Alte Stoffe = alte Namen Schaut man sich auf der Homepage von Fawwi um, fallen einem nicht nur die originellen Produkte auf, sondern auch die nicht minder originellen Namen. Logisch, dass ich da noch etwas genauer nachhaken musste. Im Gespräch verriet mit Thomas, dass er nur wenig von Artikel-Nummern hält, da er diese unpersönlich findet und sich sowieso nicht merken kann. Um die Produkte dennoch voneinander unterscheiden zu können, denkt er sich regelmäßig witzige Bezeichnungen aus, die sich aus einem Artikel – also „der“ oder „die“ – einem Adjektiv wie „tragende“, „auffallende“ oder „berühmte“ und einem Vornamen, zum Beispiel Bodo, Gisela oder Mechthild, zusammensetzt. Heraus kommen so klangvolle Produktbeschreibungen wie „Der adlige Harald“, „Der planschende Herbert“ oder „Die bunte Berta“. Warum immer so „eingestaubte Oma- und Opa-Namen“? Ganz einfach: Weil alte Materialien auch nach alten Namen verlangen, so die Überzeugung von Thomas. Einen „fetzigen Martin“ oder eine „sportliche Christin“ wird man also nicht so schnell im Angebot von Fawwi finden.

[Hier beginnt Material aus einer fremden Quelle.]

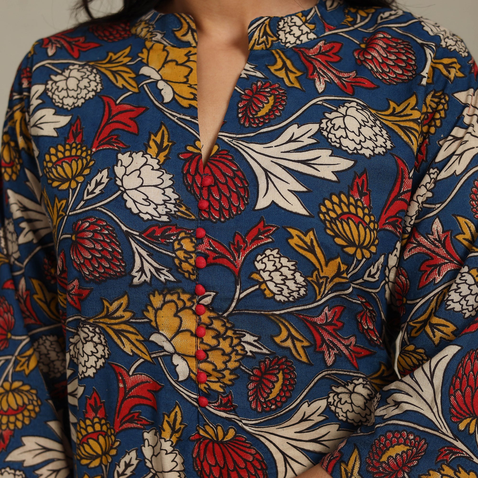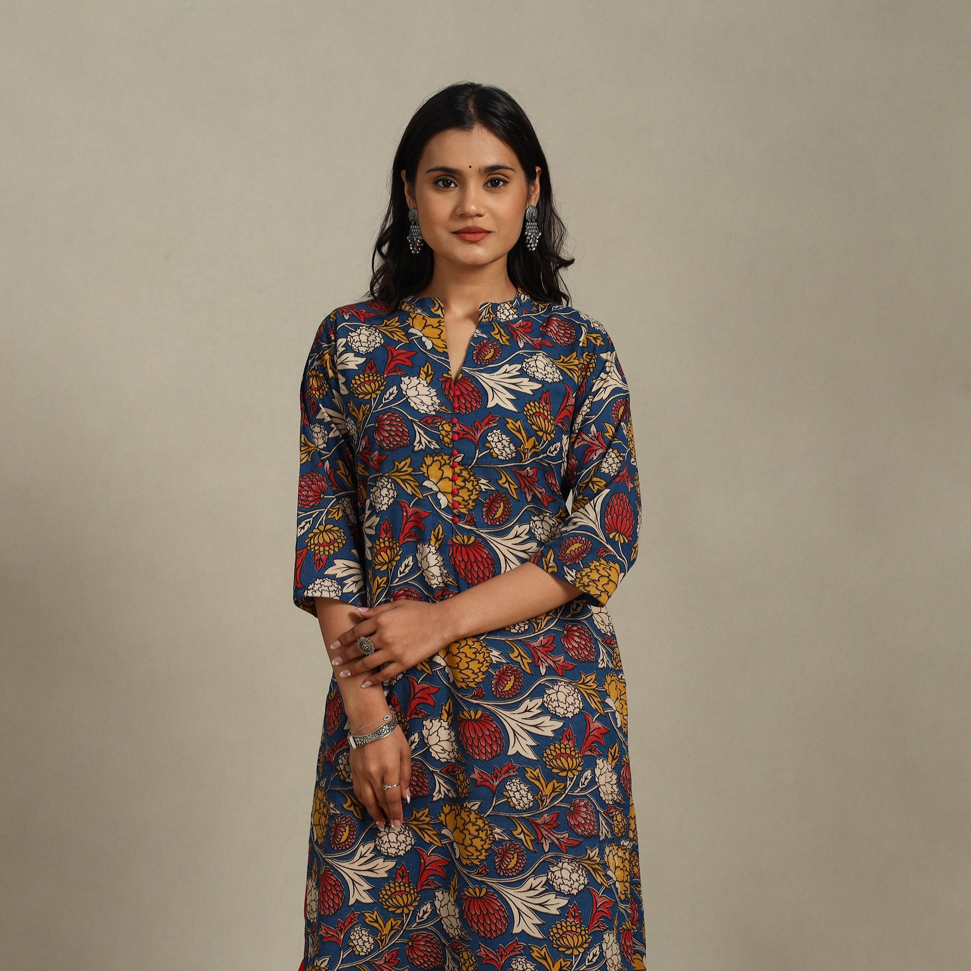 Stay comfortable all day in this blue screen printed cotton straight kurta featuring kalamkari-inspired motifs. Crafted from breathable fabric, the lightweight material feels soft on the skin while offering style and easy movement. With a functional side pocket, it’s ideal for festive gatherings, casual outings, or everyday workwear.

Stell‘ dir deine eigene Tasche zusammen Nicht zuletzt unterstreichen die Namen, die Thomas seinen Produkten gibt, deren einzigartigen Charakter. Jede Tasche, jedes Federmäppchen, jeder Rucksack ist ein handgefertigtes Unikat. Allein das ist meiner Meinung nach schon extrem cool. Es geht allerdings auch noch eine Stufe individueller. Wenn du beispielsweise eine genaue Vorstellung deiner zukünftigen Tasche hast, eine besonders wilde Kombi wünschst oder sogar ein eigenes Material (mit persönlicher Geschichte) hast, das verarbeitet werden soll, stößt du bei Thomas auf zwei offene Ohren und viel Kreativität. Fawwi-Bezugsstellen Individuelle, handgefertigte, Upcycling-Taschen (und mehr) aus Erfurt klingen für dich ziemlich cool? Dann wird es dich sicher brennend interessieren, wo du die Fawwi-Produkte überall käuflich erwerben kannst. Ich verrate es dir natürlich gern. Der direkteste Weg ist sicherlich der Online-Shop. Wenn du nicht nur eine neue Tasche haben willst, sondern auch an einem Plausch mit Thomas interessiert bist, empfehle ich dir, auf einem Kreativmarkt mit Fawwi-Stand oder direkt in seiner Werkstatt vorbeizuschauen. Last but not least findest du sowohl im Mrs. Hippie (Regierungsstraße 71) als auch im Café Süden (Tschaikowskistraße 21) eine kleine feine Auswahl an Fawwi-Produkten, die direkt geshoppt werden können. Wenn es dich nach Weimar oder Jena verschlägt, kannst du auch im schauschau oder im Fräulein Meier FACHgeschäft vorbeischauen.